*Task to carry out*
What is wanted is every line below from the one with "리본 패턴과 비즈 장식 포인트가 인상적인 90년대 쿠레쥬 사의 니트 제품입니다." up to and including the one with "Now, to start", retyped exactly, pictures excluded, nothing else.
Exercise data START
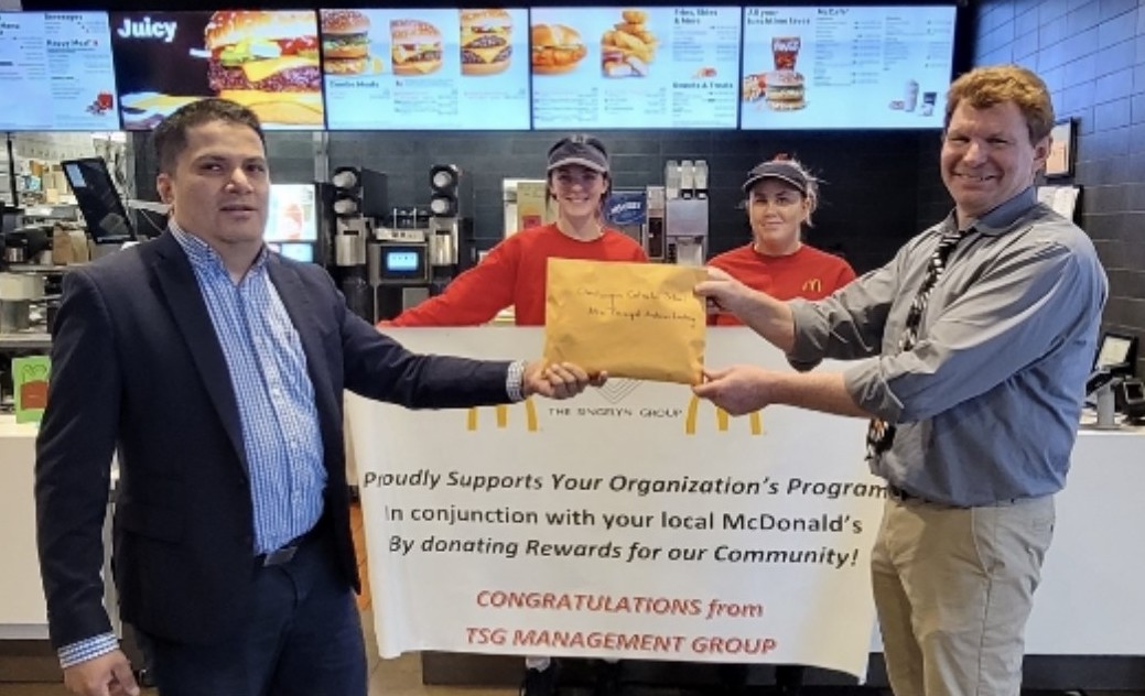 Fredonia’s McDonald’s restauraunt recently donated coupons for free fries, cones and sundaes to Northern Chautauqua Catholic School. The coupons were used as foul shot prizes during NCCS’ annual Noto-Smith Basketball tournament. Free french fry coupons are also being used as rewards in a positive behavior incentive program at the school. NCCS students made thank you cards to show McDonald’s their Mighty Monarch Gratitude. Pictured above, NCCS Principal and COO Andy Ludwig, right, accepts the generous donation from Singelyn Group District Manager Justin Suarez.
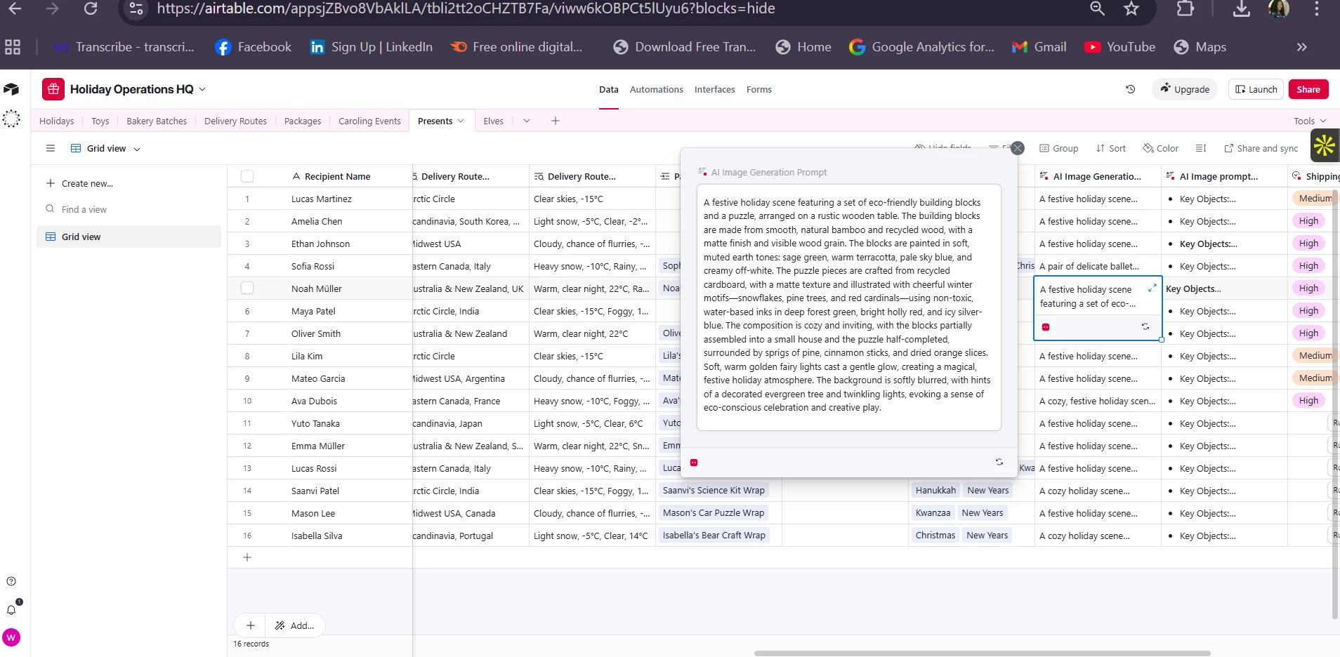 Add a new AI field with Omni that creates a detailed image prompt describing the selected gift or cookie in either the presents table or the bakery table.
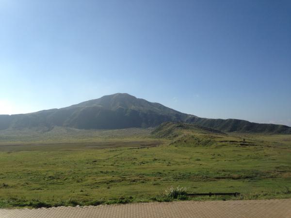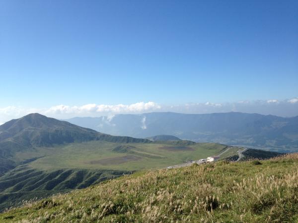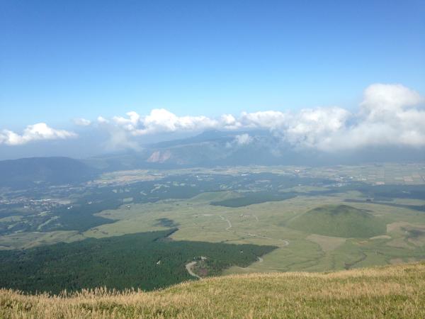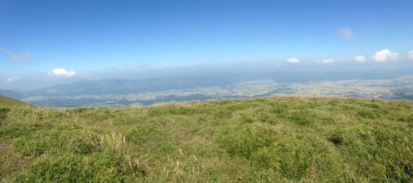 広々した山頂からは阿蘇山がドンっと見える大展望。
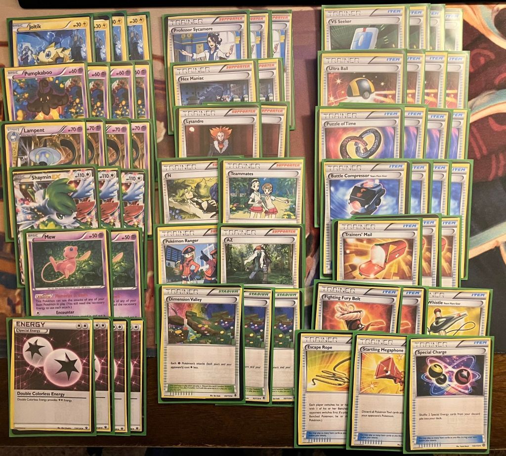 | 4 Joltik 4 Pumpkaboo 4 Lampent 3 Shaymin EX 2 Mew | 3 Professor Sycamore 2 Hex Maniac 2 Lysandre 1 N 1 Teammates 1 Pokemon Ranger 1 AZ 3 Dimension Valley 4 VS Seeker 4 Ultra Ball 4 Puzzle of Time 4 Battle Compressor 3 Trainers’ Mail 2 Fighting Fury Belt 1 Target Whistle 1 Escape Rope 1 Startling Megaphone 1 Special Charge | 4 Double Colorless Energy |
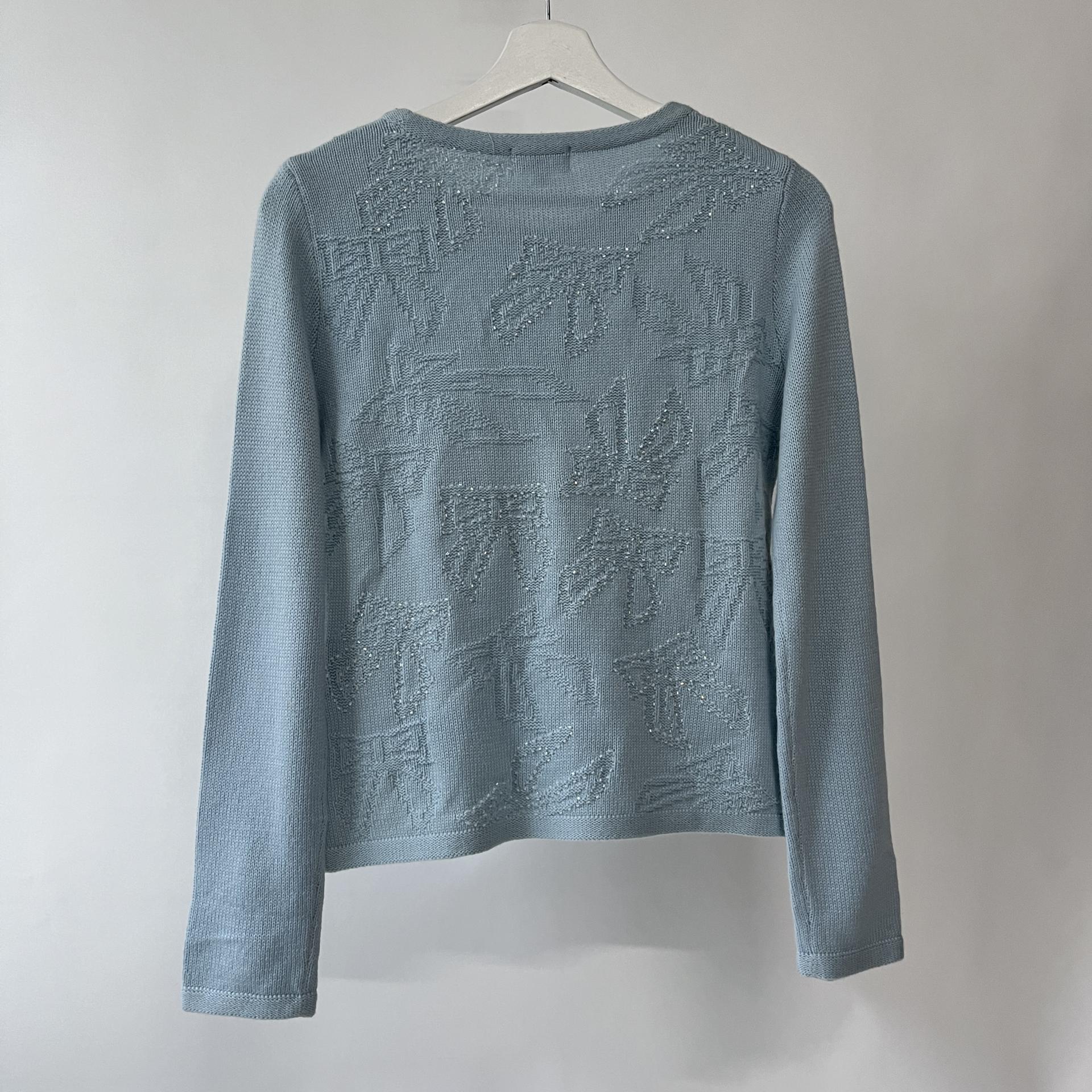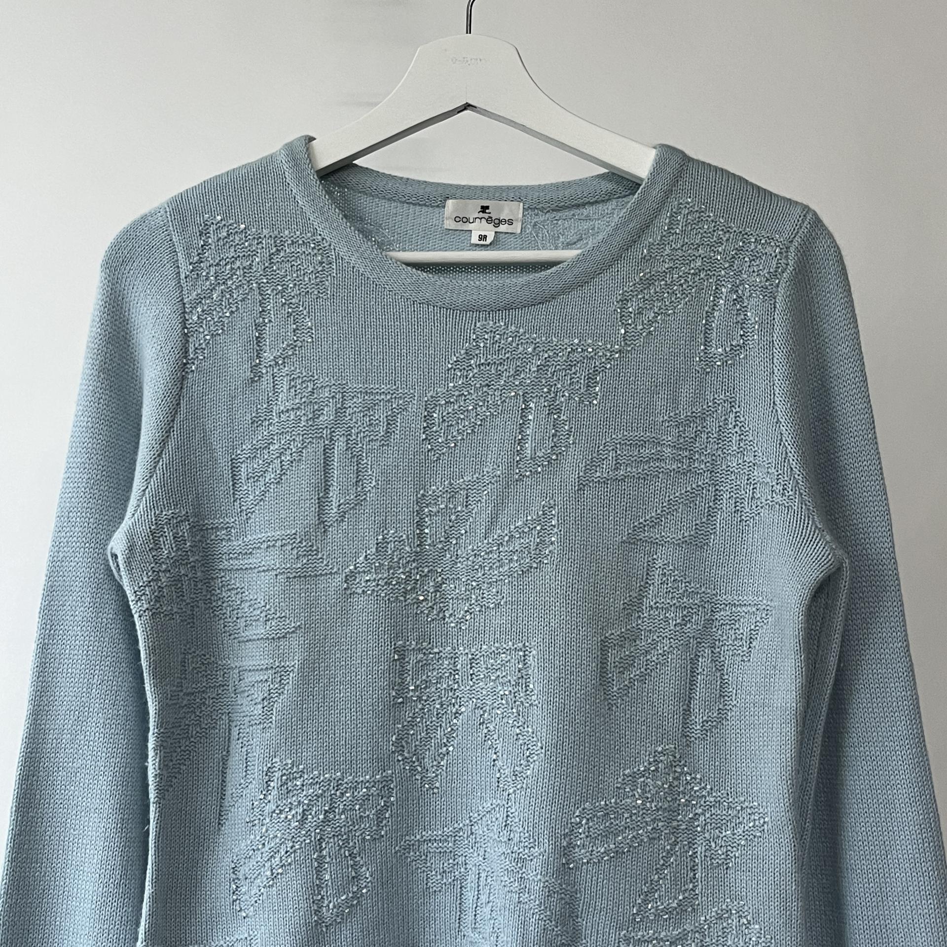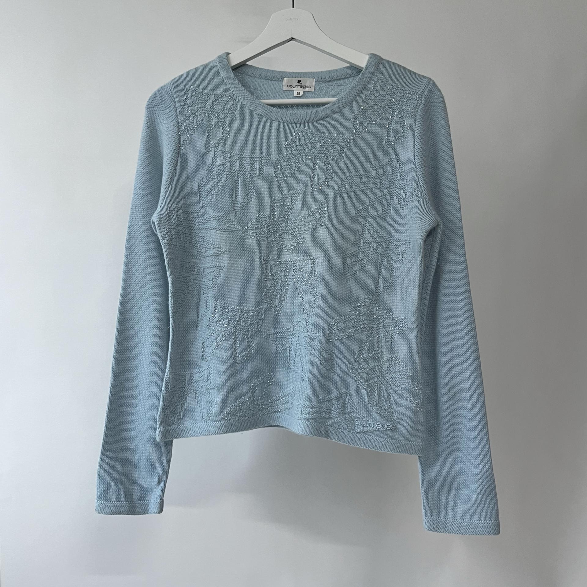 리본 패턴과 비즈 장식 포인트가 인상적인 90년대 쿠레쥬 사의 니트 제품입니다.
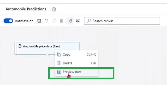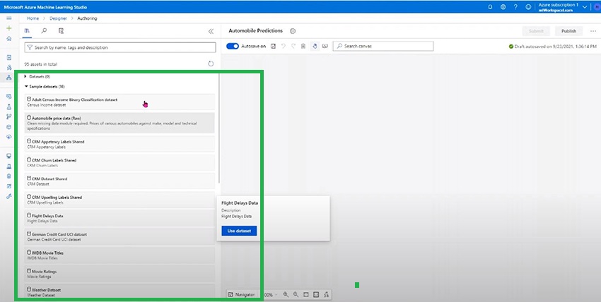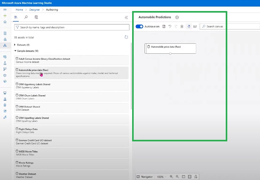 Now, to start the project, we initiate with the Dataset we want to use. For our Automobile Price Prediction, we use the Automobile price data (Raw). This can be obtained under the Sample datasets section.
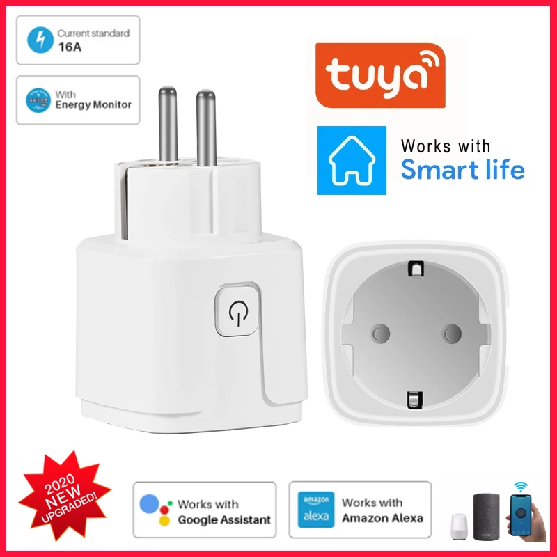 16A умный Wi-Fi разъем ЕС с Мощность монитор умный дом Беспроводной розетка таймер затычки работает с Amazon Alexa Google Home приложение Tuya
Exercise data END
*Output of the task*
 리본 패턴과 비즈 장식 포인트가 인상적인 90년대 쿠레쥬 사의 니트 제품입니다.
 Now, to start the project, we initiate with the Dataset we want to use. For our Automobile Price Prediction, we use the Automobile price data (Raw). This can be obtained under the Sample datasets section.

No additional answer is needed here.